6 reps from 5 parties vie for Speaker post
MANILA, Philippines — The next Speaker may not necessarily come from the ranks of the ruling Partido Demokratiko Pilipino-Lakas ng Bayan (PDP-Laban), according to Majority Leader Fredenil Castro, another rumored candidate in the looming battle for House leadership.
“It’s not the numbers of a political party that guarantee the election of someone to be Speaker of the House,” said Castro, a stalwart of the National Unity Party, which is allied with the administration.
Castro suggested that though PDP-Laban might still have the most members in the 18th Congress, the majority might end up backing another party due to divergent interests.
“Because while it is true that members of political parties may abide [by] the party stand, some members … also have their own individual commitments,” he told reporters.

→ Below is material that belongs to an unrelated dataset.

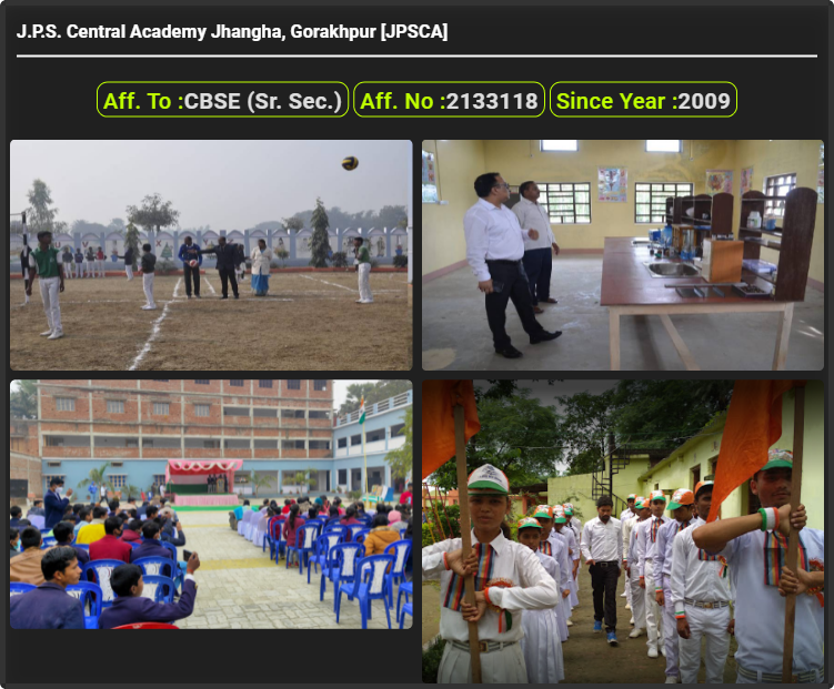 J.P.S. Central Academy Jhangha, Gorakhpur [JPSCA], was established in 2009 J.P.S. Central Academy Jhangha, Gorakhpur [JPSCA], is up to class J.P.S. Central Academy Jhangha, Gorakhpur [JPSCA]. J.P.S. Central Academy Jhangha, Gorakhpur [JPSCA] is a CBSE (Sr. Sec.) Board school in Jhangha, Gorakhpur District. Affiliation no of this school is 2133118. Currently, Mr. Abhijeet Kumar is the Head/Principal of J.P.S. Central Academy Jhangha, Gorakhpur [JPSCA].This school has courses Class LKG, Class UKG, Class 1st (I), Class 2nd(II), Class 3rd (III), Class 4th (IV), Class 5th (V), Class 6th (VI), Class 7th (VII), Class 8th (VIII), Class 9th (IX), Class 10th (X), Class 11th (XI) & Class 12th (XII). Check details of J.P.S. Central Academy Jhangha, Gorakhpur [JPSCA] Admission Form 2022-23, Contact Number (E-Mail/Phone Number), Fee Structure, and Latest Official Notice.

So far, two candidates for the post have emerged from PDP-Laban—its secretary general and former Speaker, Pantaleon Alvarez of Davao del Norte, and Marinduque Rep. Lord Allan Velasco.
Also considered a strong candidate is Representative-elect Martin Romualdez, who is president of Speaker Gloria Macapagal-Arroyo’s previous party, Lakas-Christian Muslim Democrats.
The names of former Sen. Alan Peter Cayetano of the Nacionalista Party and outgoing Sen. Loren Legarda of the Nationalist People’s Coalition have also been floated as possible contenders.
The new Speaker will be elected at the opening of the 18th Congress on July 22, the same day that President Duterte delivers his fourth State of the Nation Address.
The opposition Makabayan bloc said it expected the leadership of the minority in the 18th Congress to again belong to an administration-backed “company union.”
“You are already aware of how things are in the House of Representatives; what is called the ‘minority’ is just a company union,” said Rep. Antonio Tinio of ACT Teachers party list group.
At a press briefing, Tinio said he expected the status quo to continue in the 18th Congress.
The official minority bloc in the current Congress has been criticized for being composed of lawmakers allied with the Duterte administration, who often toe the government’s line on priority legislation.
There are currently two independent opposition factions in the House: the Makabayan bloc and the Liberal Party-led “Magnificent 7” group.
The Makabayan bloc is composed of Bayan Muna, Gabriela, ACT Teachers, Anakpawis and Kabataan party list groups.
It is likely to lose the Anakpawis and the Kabataan party list seats, since the two groups had failed to muster enough votes in last week’s midterm elections.
Anakpawis Rep. Ariel Casilao said his group had been “disenfranchised” as a result of a vilification campaign by the government.